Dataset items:
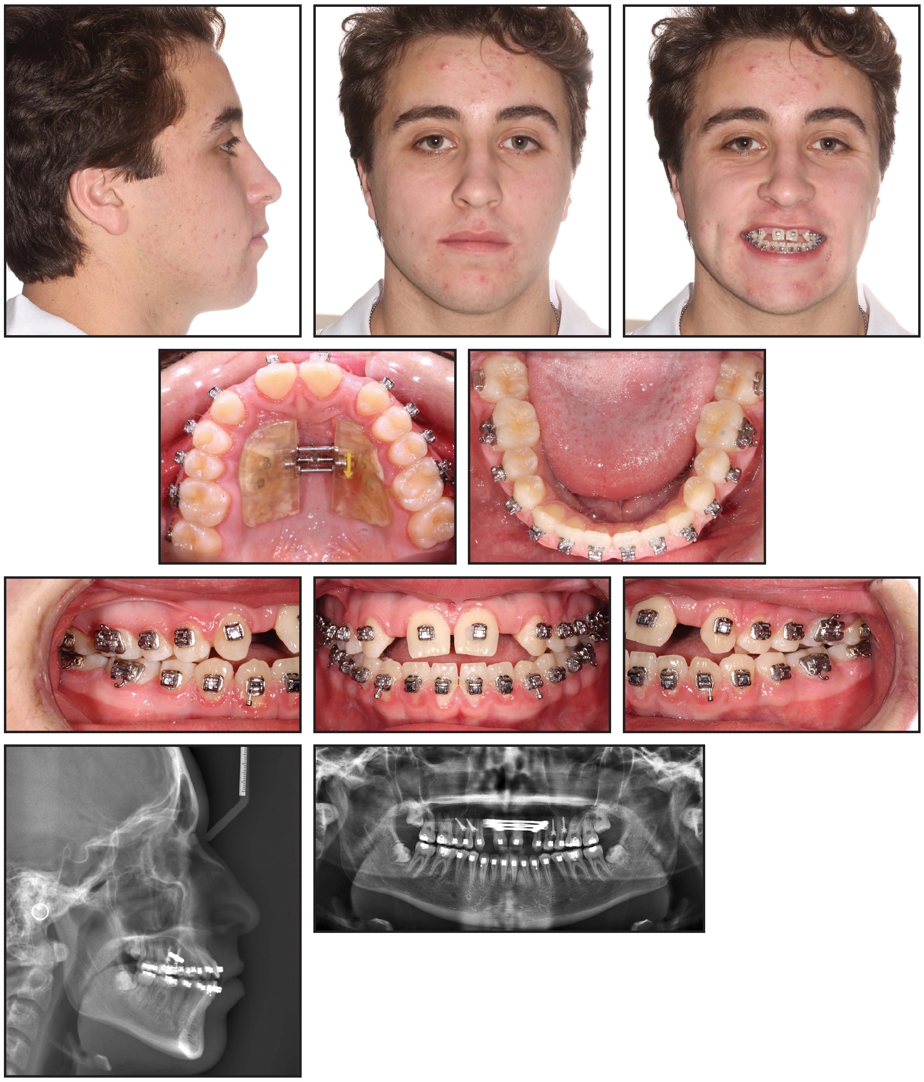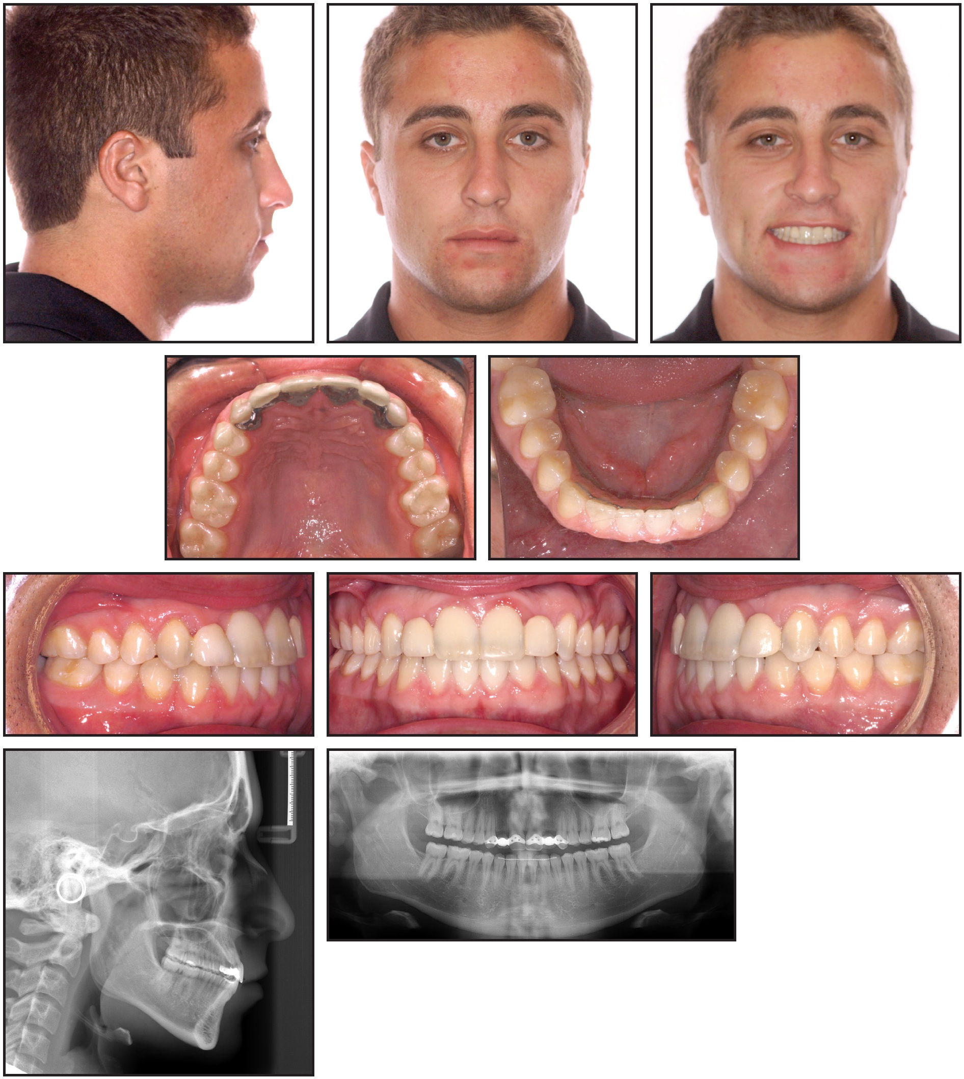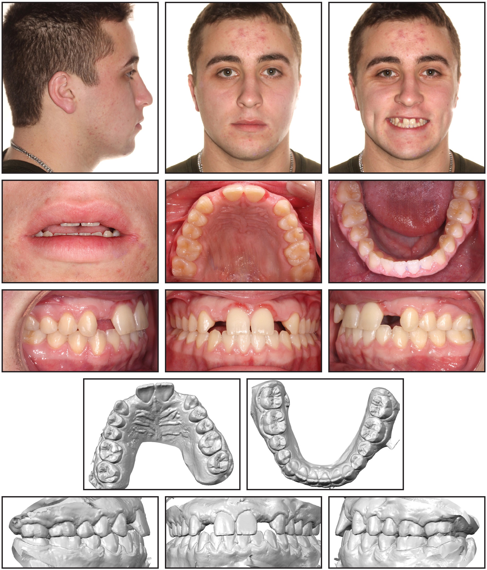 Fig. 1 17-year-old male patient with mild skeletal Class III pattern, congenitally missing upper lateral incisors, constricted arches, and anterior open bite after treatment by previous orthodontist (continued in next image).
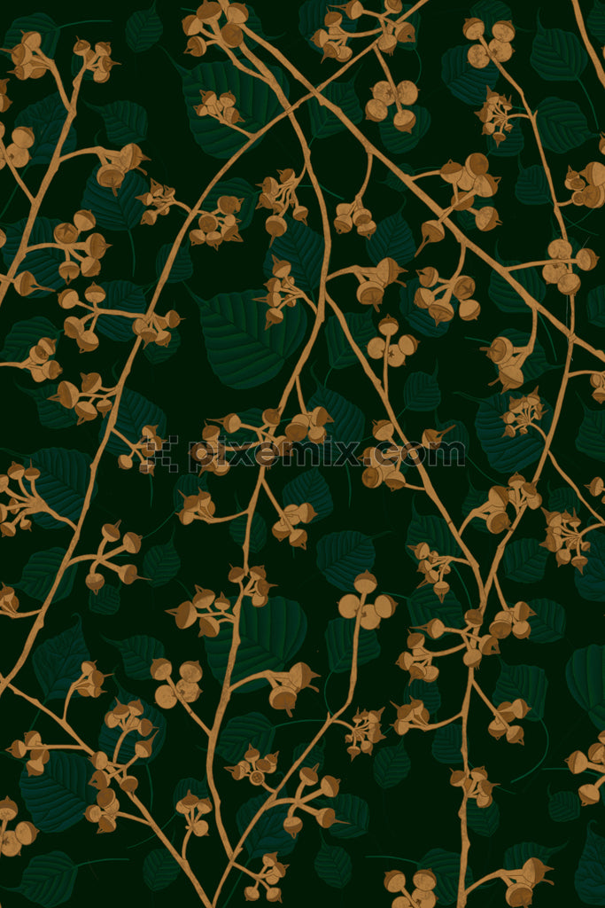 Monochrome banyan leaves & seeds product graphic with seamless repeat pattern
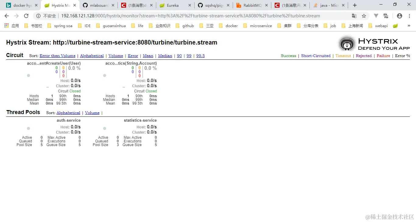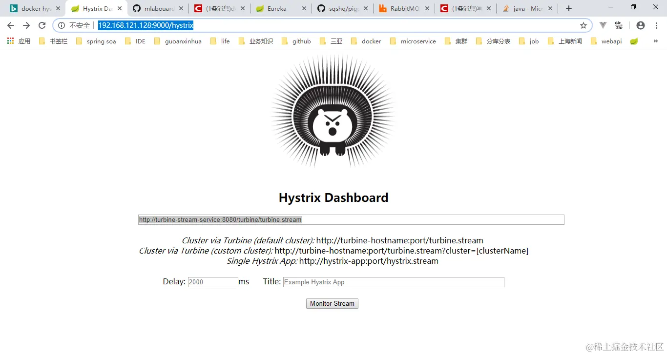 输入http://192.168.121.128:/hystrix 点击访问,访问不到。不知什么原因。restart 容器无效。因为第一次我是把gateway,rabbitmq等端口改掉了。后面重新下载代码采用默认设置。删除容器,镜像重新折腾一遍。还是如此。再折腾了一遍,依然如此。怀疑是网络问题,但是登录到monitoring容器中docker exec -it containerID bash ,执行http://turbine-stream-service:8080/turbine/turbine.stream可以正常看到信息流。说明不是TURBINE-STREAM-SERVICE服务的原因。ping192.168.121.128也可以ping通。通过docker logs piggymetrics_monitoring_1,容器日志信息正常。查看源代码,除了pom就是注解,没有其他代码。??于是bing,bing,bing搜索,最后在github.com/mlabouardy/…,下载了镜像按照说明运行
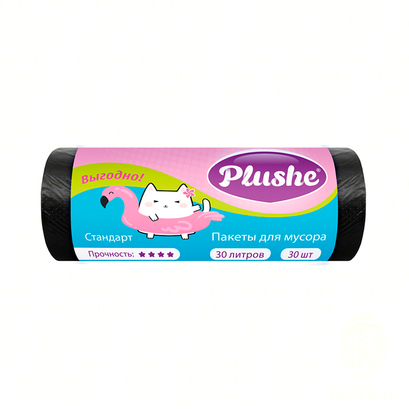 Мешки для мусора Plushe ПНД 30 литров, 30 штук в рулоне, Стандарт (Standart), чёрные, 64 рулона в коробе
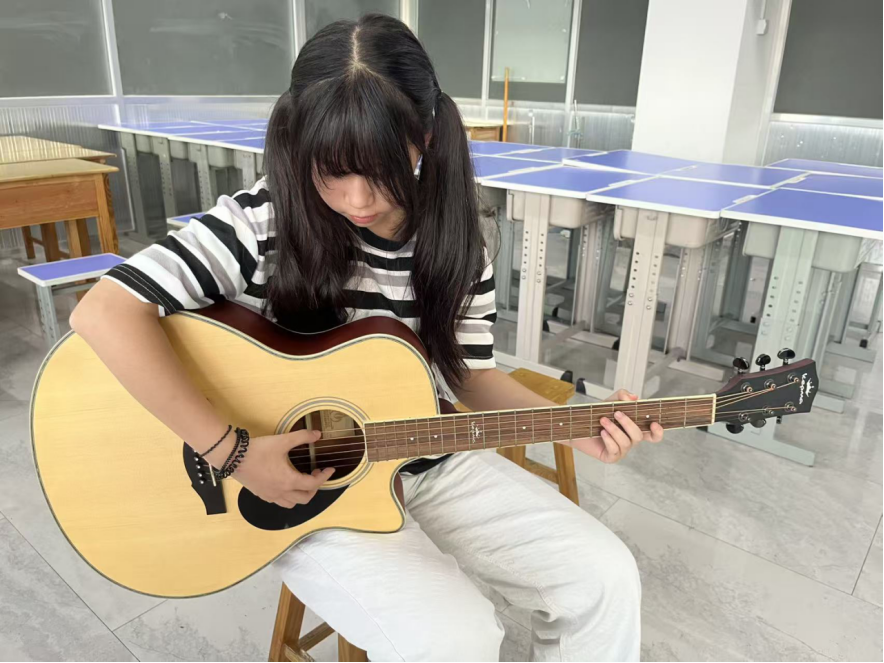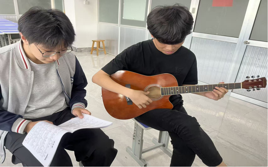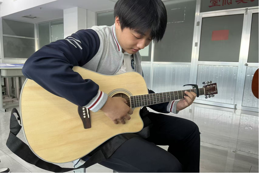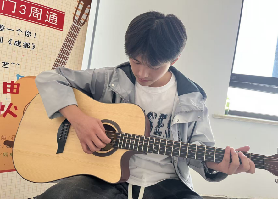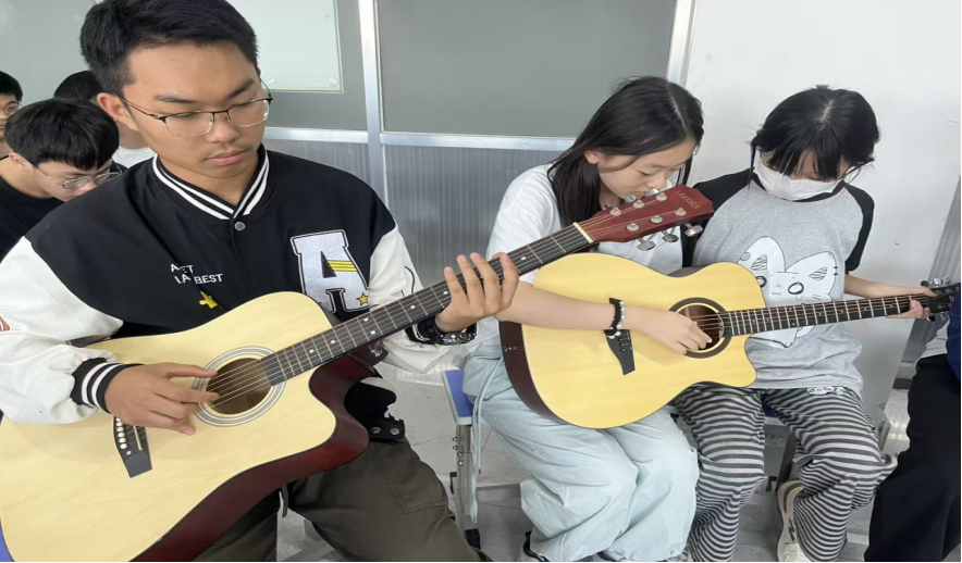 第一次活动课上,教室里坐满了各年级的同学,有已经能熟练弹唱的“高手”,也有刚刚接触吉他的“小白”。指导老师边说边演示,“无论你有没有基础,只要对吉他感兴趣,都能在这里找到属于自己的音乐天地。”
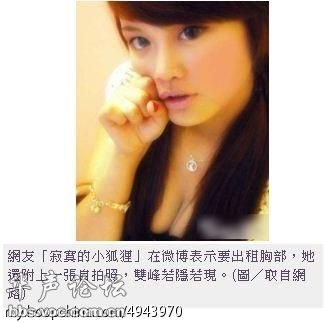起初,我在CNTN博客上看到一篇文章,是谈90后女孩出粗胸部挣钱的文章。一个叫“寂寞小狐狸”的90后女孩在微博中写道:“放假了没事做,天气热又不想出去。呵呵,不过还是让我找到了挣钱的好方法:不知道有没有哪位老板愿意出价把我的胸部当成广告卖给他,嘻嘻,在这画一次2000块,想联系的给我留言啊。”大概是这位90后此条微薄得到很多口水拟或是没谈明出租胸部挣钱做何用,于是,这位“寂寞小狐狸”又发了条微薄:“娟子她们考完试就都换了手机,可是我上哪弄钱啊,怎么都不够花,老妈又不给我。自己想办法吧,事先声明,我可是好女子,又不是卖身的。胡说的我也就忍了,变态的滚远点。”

- [WHAT YOU NEED TO DO]
Provide the lines again, unchanged, from where the data above begins through the line containing "Monochrome banyan leaves", both ends included, omitting pictures and adding nothing.

- [SOLVED PROBLEM]
 Fig. 1 17-year-old male patient with mild skeletal Class III pattern, congenitally missing upper lateral incisors, constricted arches, and anterior open bite after treatment by previous orthodontist (continued in next image).
 Monochrome banyan leaves & seeds product graphic with seamless repeat pattern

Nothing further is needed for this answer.